7. Listen for leading questions — The examining lawyer may phrase questions in a way to box you into a corner, convincing you to answer the way they want you to. Listen carefully to the wording of the examiner’s questions, always on guard for questions that may lead you into a trap.
8. Don’t let the examiner push you around — If nothing else, remember that YOU are in control of what you say in your deposition and when you say it.
That means, if the examiner tries to rush you through your response or interrupts you while you’re answering, you have the right to finish your response. Once the examiner has finished asking their question, politely say that you were interrupted and continue where you left off.
9. Avoid getting stuck on the details — When it comes to the precise details, like time, speed, or distance, avoid letting the examiner persuade you to give them a specific answer. If you aren’t ABSOLUTELY sure of your answer, you can provide a general estimate or range. Be very clear, though, when you are providing an estimate (as opposed to a definite answer).
10. Ask to view exhibits — In some cases, the examiner will ask you about particular documents related to the lawsuit. You have a right to view those documents before giving your answer.
11. Take your time — When you give your deposition, a Court Reporter will record it and write up a transcript of the questions and answers. This, of course, negates “uh-huhs” and inaudible responses.
However, it ALSO allows you to slow down to think about each question before you give a complete, accurate response. There’s no need to rush! The transcript won’t depict the time lapsed between questions and answers.
12. Avoid definitive words — If you say something “never” or “always” happens and the examiner comes to find out that’s not necessarily the case, the credibility of your testimony can be disregarded.
13. Remain calm & polite — Becoming combative, arguing, or raising your voice won’t do you any good. Neither will a defensive or apologetic attitude. When you approach your deposition with calm, polite answers, the examiner will be more likely to see your case as valid and credible.
Plus, if you’re struggling with some questions or find yourself becoming agitated, you can always request a break and consult briefly with your lawyer!
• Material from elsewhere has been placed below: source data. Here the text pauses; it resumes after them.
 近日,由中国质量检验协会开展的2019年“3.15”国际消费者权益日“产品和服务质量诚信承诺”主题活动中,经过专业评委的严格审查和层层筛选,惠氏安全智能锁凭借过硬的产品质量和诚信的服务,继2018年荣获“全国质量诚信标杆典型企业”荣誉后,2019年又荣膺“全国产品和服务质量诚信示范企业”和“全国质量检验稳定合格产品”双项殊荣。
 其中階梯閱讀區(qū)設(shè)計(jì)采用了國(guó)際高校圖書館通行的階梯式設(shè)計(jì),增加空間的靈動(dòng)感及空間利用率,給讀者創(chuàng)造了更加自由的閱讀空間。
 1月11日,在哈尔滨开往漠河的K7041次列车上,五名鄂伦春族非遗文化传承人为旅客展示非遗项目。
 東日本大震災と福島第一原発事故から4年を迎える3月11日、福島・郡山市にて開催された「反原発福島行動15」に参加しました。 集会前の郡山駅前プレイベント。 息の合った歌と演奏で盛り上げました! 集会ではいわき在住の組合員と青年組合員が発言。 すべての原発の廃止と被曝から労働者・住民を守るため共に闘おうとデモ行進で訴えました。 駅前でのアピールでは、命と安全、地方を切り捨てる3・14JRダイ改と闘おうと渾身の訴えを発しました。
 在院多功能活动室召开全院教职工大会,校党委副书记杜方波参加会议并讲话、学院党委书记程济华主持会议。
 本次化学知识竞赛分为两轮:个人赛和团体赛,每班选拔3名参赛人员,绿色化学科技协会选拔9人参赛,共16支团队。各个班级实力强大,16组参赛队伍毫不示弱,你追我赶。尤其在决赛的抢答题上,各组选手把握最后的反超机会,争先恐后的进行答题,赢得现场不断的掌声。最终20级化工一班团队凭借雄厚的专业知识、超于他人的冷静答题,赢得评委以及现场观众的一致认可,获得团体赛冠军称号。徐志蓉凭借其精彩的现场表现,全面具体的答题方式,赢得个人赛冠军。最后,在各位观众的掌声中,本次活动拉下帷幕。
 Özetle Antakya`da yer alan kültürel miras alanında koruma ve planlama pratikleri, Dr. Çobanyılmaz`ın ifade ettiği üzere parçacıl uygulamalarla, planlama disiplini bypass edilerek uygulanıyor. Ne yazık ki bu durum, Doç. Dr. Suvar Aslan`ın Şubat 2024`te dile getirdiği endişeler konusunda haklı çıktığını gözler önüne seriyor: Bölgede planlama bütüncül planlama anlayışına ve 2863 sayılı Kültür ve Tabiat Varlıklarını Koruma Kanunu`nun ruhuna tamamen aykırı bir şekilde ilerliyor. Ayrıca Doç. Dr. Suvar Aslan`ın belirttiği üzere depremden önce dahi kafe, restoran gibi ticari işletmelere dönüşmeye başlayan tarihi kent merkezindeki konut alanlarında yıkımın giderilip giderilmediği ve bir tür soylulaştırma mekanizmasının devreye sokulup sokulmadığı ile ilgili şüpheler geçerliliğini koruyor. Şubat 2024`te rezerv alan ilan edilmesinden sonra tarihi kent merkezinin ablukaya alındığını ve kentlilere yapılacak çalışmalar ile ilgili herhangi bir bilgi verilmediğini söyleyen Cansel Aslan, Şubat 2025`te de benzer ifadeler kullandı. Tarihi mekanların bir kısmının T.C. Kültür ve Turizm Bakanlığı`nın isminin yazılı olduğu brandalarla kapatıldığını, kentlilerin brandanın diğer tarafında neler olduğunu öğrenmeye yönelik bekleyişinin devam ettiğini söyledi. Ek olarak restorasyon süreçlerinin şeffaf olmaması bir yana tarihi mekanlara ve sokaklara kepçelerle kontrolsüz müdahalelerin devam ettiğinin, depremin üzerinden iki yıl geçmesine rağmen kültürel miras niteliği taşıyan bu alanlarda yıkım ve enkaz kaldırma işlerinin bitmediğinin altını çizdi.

14. Assume the examiner is against you (even if you’re a witness) — It’s not your job to help the examiner find what they’re looking for. So, don’t overexplain your responses or try to convince them of your case. And never volunteer to offer up additional information later on after the deposition.
15. Remember, your discussions with your attorney are confidential — The examiner does not have a right to this information, and your lawyer should object if such a question is asked.